[Start of Attachment]

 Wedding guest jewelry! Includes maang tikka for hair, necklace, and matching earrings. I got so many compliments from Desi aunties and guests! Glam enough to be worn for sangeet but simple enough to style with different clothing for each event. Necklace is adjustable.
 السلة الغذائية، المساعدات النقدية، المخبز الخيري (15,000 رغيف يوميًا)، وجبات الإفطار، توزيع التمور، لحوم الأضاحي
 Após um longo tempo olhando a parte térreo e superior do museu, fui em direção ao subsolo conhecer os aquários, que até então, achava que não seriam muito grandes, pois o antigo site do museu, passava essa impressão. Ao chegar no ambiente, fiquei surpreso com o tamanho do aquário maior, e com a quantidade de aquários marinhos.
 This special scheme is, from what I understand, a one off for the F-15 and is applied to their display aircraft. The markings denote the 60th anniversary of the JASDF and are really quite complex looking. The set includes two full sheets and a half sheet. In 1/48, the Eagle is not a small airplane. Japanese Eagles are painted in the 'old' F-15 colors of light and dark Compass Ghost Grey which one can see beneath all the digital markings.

[End of Attachment]
[Start of Attachment]

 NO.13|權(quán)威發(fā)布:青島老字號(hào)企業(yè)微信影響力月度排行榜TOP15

[End of Attachment]
[Start of Attachment]

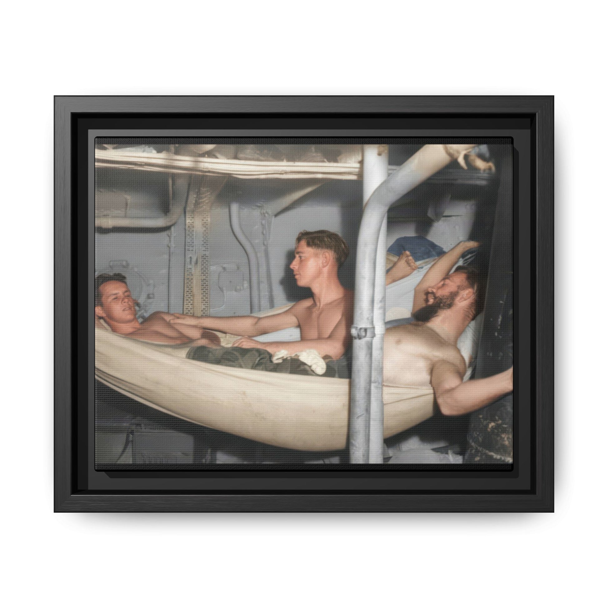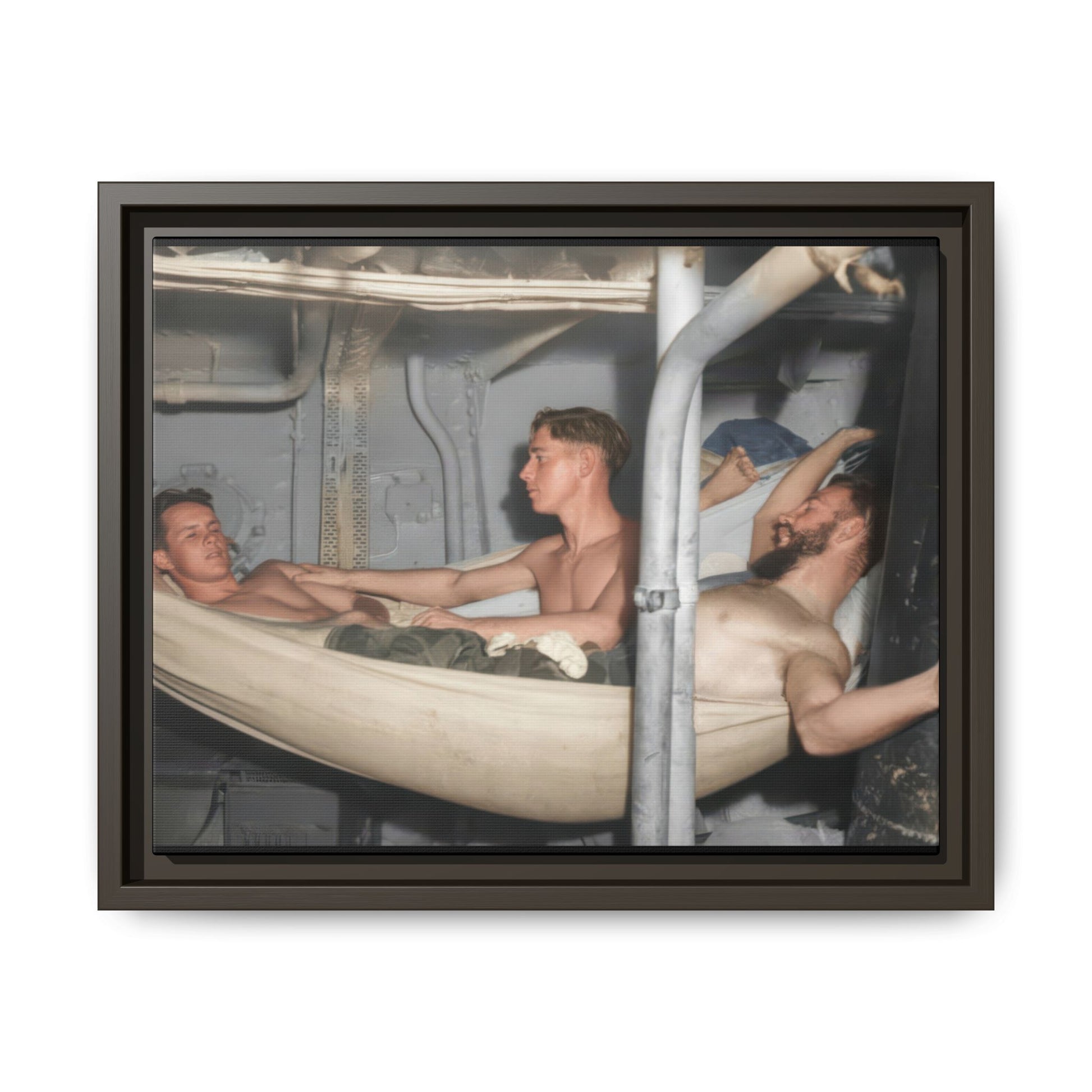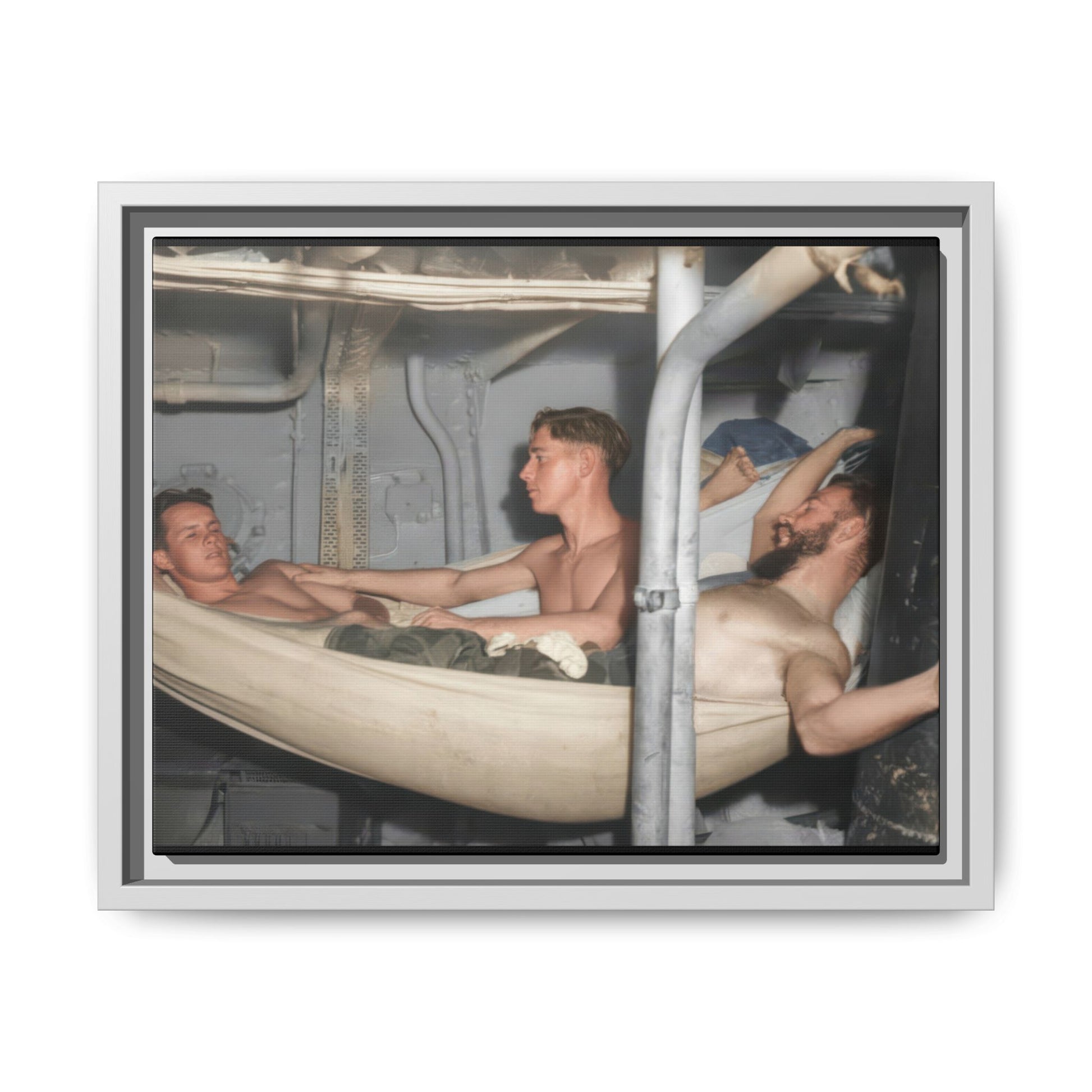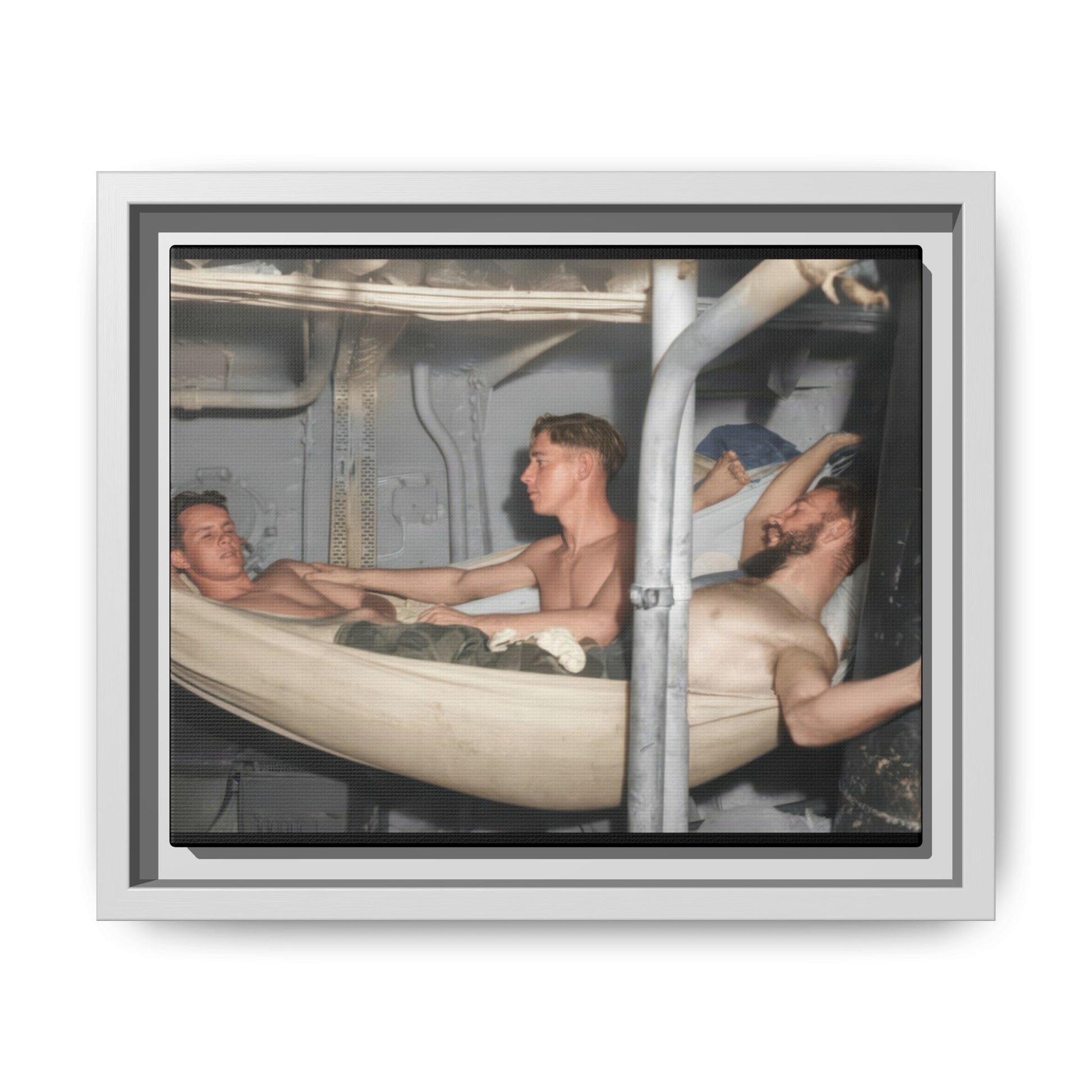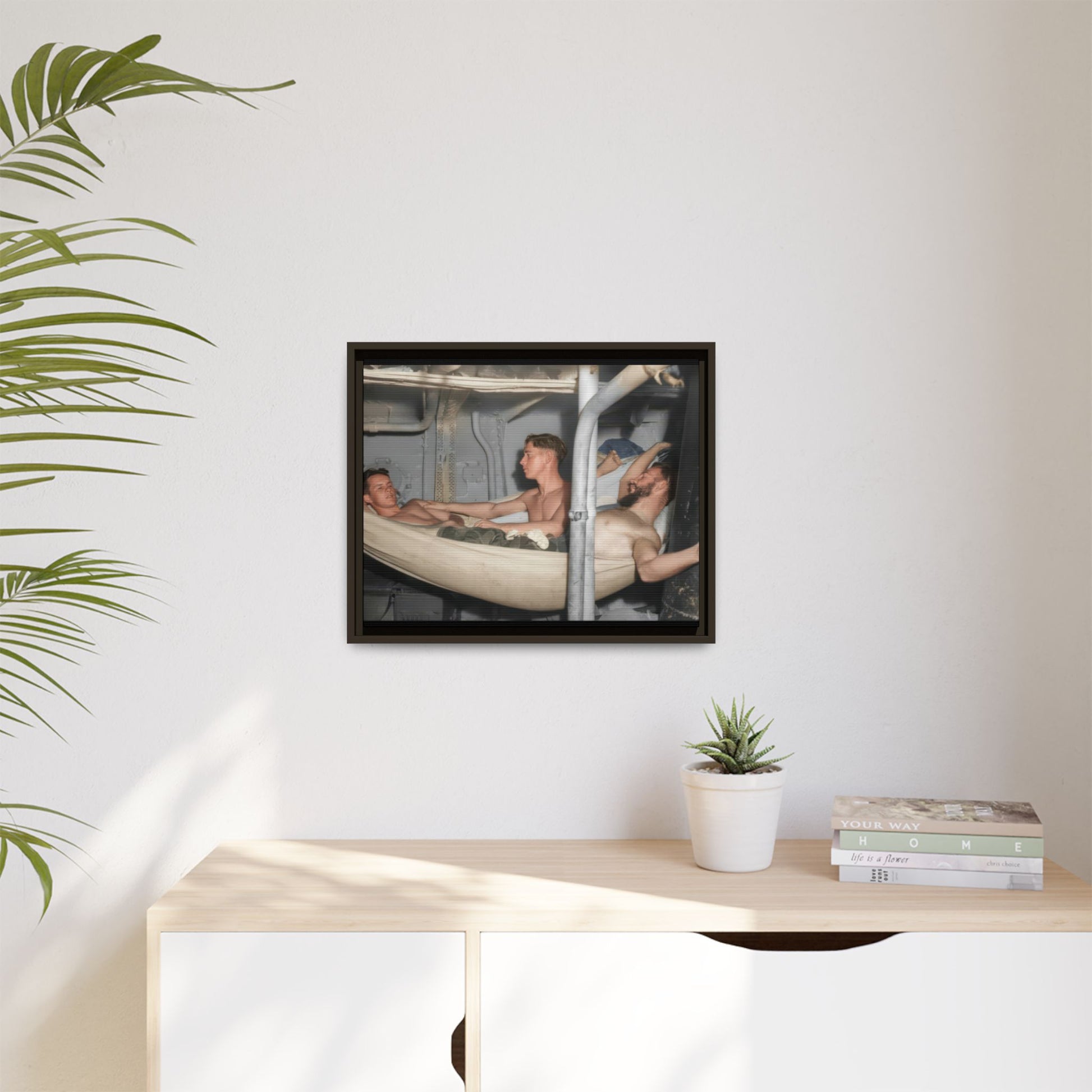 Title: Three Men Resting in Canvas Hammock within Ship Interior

[End of Attachment]

- [ACTIVITY] In the listing above, show every line with the word "from".

- [RESPONSE AREA]
 Wedding guest jewelry! Includes maang tikka for hair, necklace, and matching earrings. I got so many compliments from Desi aunties and guests! Glam enough to be worn for sangeet but simple enough to style with different clothing for each event. Necklace is adjustable.
 This special scheme is, from what I understand, a one off for the F-15 and is applied to their display aircraft. The markings denote the 60th anniversary of the JASDF and are really quite complex looking. The set includes two full sheets and a half sheet. In 1/48, the Eagle is not a small airplane. Japanese Eagles are painted in the 'old' F-15 colors of light and dark Compass Ghost Grey which one can see beneath all the digital markings.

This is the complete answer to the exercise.